*COLLECTED MATERIAL:*
%%

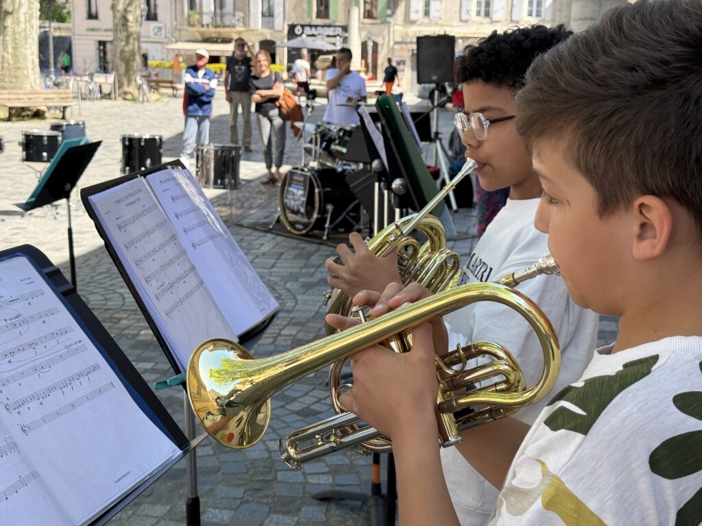 Entre cuivres et rythmes rock, performances d’orchestres ou de solistes, les élèves du conservatoire Maurice André ont mis une joyeuse ambiance devant la mairie ce mercredi après-midi ! Un show frais, vivant et ultra rythmé qui a ravi les spectateurs en nombre sur la place mais aussi sur les terrasses qui entourent le Plan de Brie ! BRAVO à eux !
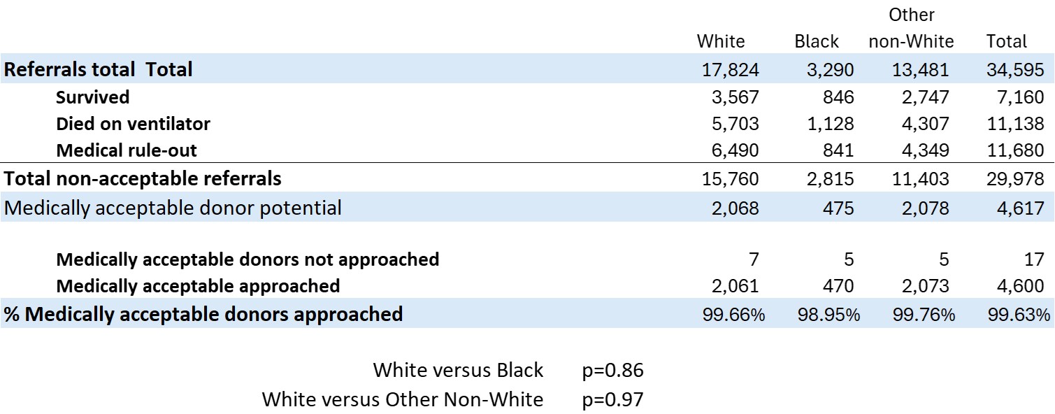 Results: There were 4,617 medically acceptable donors, families of 4,600 were approached for donation authorization and 17 were not approached (0.37% of medically acceptable cases and 0.05% of referrals). Of these, 15 had reflexes present and were expected to survive; 2 did not have clear reasons documented for case closure. There were 7 White, 5 Black, and 5 Other non-White not approached. Overall 99% of medically acceptable potential donors were approached for authorization in each racial group (Table 1). Within each OPO there was no statistical difference between family approaches of White, Black, and other non-White groups.
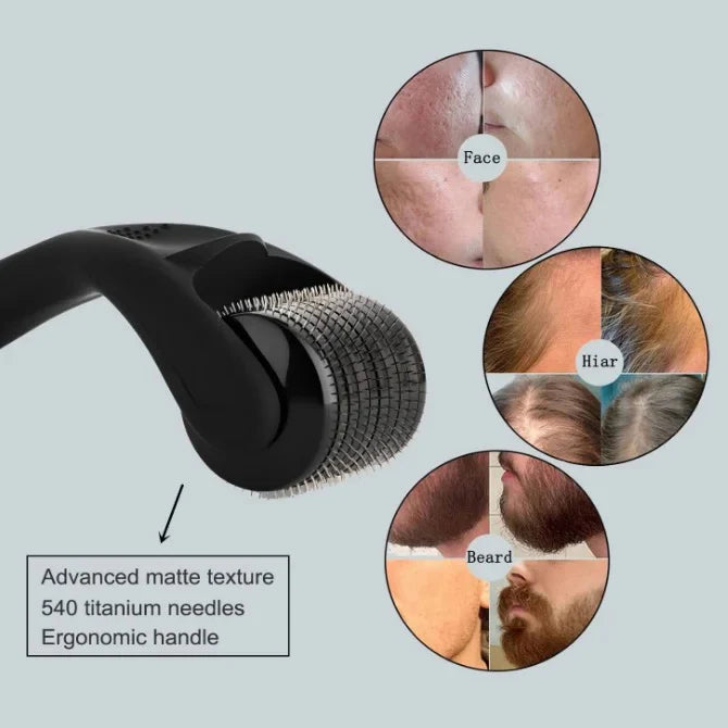 Unlock the secret to natural hair growth with our dermaroller. The micro-injuries induced by the 540 titanium needles trigger the body's healing response, leading to the release of growth factors and the generation of new cells. This process revitalizes hair follicles and promotes thicker, healthier hair.

%%

*TASK BRIEF:*
Write out an exact reproduction of the lines from the line that holds "Results: There were" to the bottom of the listing above, both ends included. Exclude pictures.

*RESPONSE FOR THIS EXERCISE:*
 Results: There were 4,617 medically acceptable donors, families of 4,600 were approached for donation authorization and 17 were not approached (0.37% of medically acceptable cases and 0.05% of referrals). Of these, 15 had reflexes present and were expected to survive; 2 did not have clear reasons documented for case closure. There were 7 White, 5 Black, and 5 Other non-White not approached. Overall 99% of medically acceptable potential donors were approached for authorization in each racial group (Table 1). Within each OPO there was no statistical difference between family approaches of White, Black, and other non-White groups.
 Unlock the secret to natural hair growth with our dermaroller. The micro-injuries induced by the 540 titanium needles trigger the body's healing response, leading to the release of growth factors and the generation of new cells. This process revitalizes hair follicles and promotes thicker, healthier hair.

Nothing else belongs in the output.